# Ginger had twins!



## drdill12 (Mar 6, 2013)

Our goat Ginger just had a beautiful set of twins, a boy and a girl!  They are purebred nubians! 

This is her little doe








And this is her little buck


----------



## nancy d (Oct 5, 2007)

Drool time, they are beautiful, congrats!


----------



## clearwtrbeach (May 10, 2012)

Congrats! they are adorable, I know color is not a priority when picking goats, but I'm sure a sucker for moon spots.


----------



## HerdQueen (Oct 15, 2012)

Nice looking kids! I LOVE their ears!


----------



## Maureen (Jul 6, 2012)

Pretty!


----------



## chapinranch (Apr 30, 2012)

nice looking kids congrats


----------



## FrankSandy (Sep 14, 2011)

Congradulations!! Very pretty Kids,


----------



## StarMFarm (Jan 17, 2013)

Congrats!

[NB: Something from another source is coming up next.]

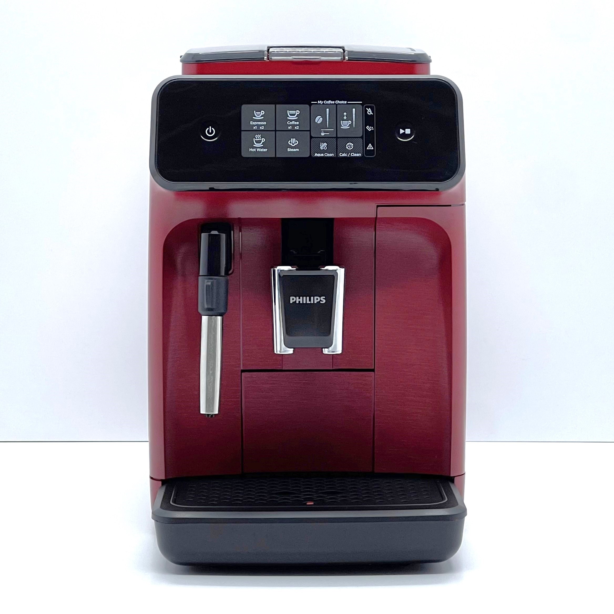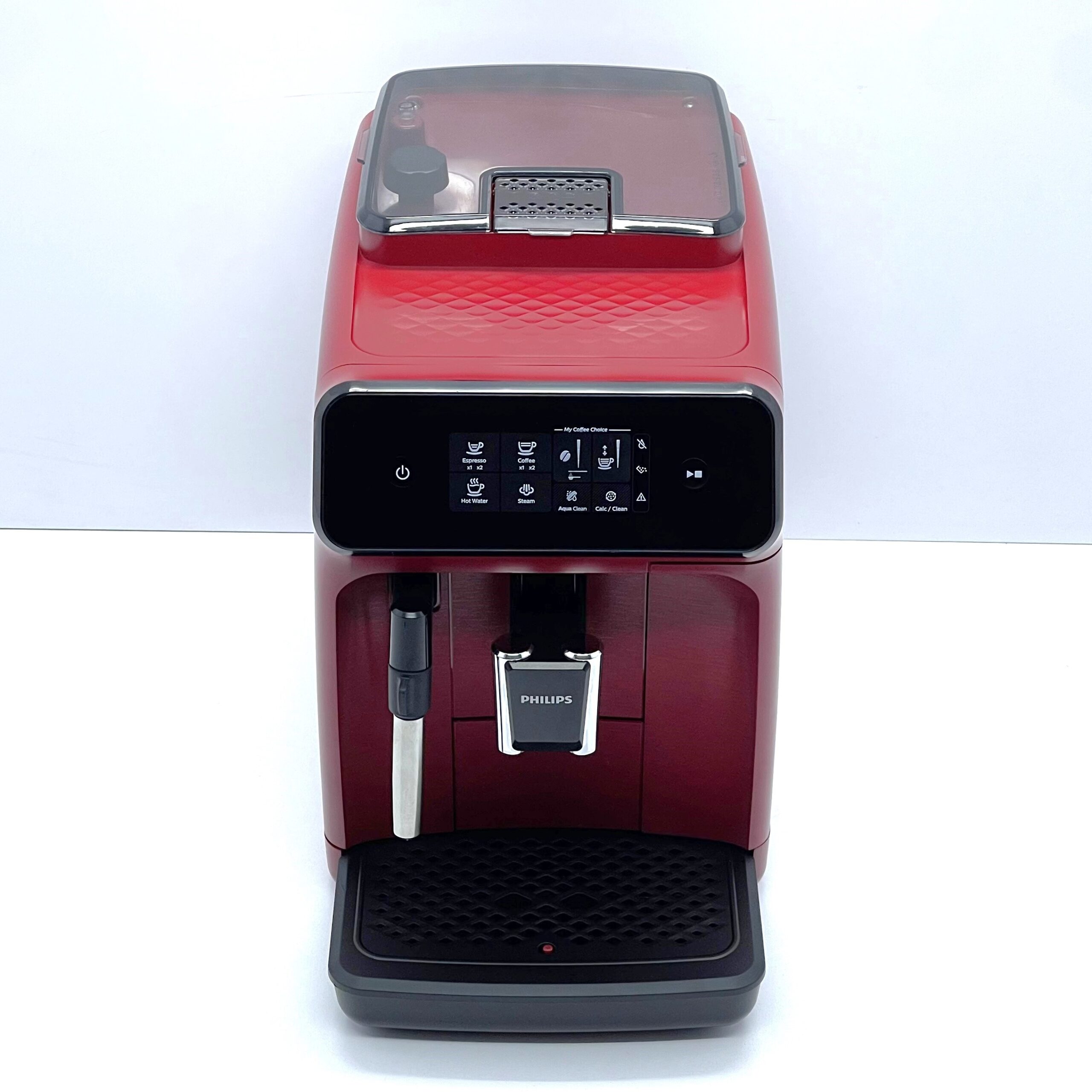 Philips Series 1200 Red – це автоматична кавомашина для дому, офісу або невеликого робочого простору, де важливі простота, акуратний розмір і зручне щоденне приготування кави. Модель працює із зерновою та меленою кавою, має зрозуміле сенсорне керування та дозволяє швидко готувати еспресо, каву більшого об’єму, гарячу воду, а також напої з молоком завдяки класичному капучинатору.

They are cuties


----------



## NigerianGirl (Jan 30, 2011)

Omg soo cute!!


----------



## Frosty (Feb 13, 2010)

Lovely I will have to add them to my collection. lol..


----------



## ksalvagno (Oct 6, 2009)

They are adorable and LOVE the spots! Do they have blue eyes?


----------



## drdill12 (Mar 6, 2013)

Thanks everyone! Their eyes are kind of a blue/grey color. I was sooooo happy to get some spots! And brown spotted ones at that! The ears are my favorite thing about them that's why I love nubians and theirs are perfect!  here's a pic after they got cleaned up and dried off!


----------



## rdmtnranch (Mar 4, 2013)

They are so cute. Congrats. I love those Nubian ears too.


----------



## RedGate (Dec 7, 2012)

They are absolutely beautiful!


----------



## imthegrt1 (Jan 13, 2013)

I'll buy the girl off you if you want to sell her...


----------



## drdill12 (Mar 6, 2013)

Sorry but these two are not for sale.


----------



## goatylisa (Dec 29, 2012)

will you have any more for sale with the blue/grey eyes? They are lovely


----------



## drdill12 (Mar 6, 2013)

No we don't have any for sale that look like these ones. Sorry!


----------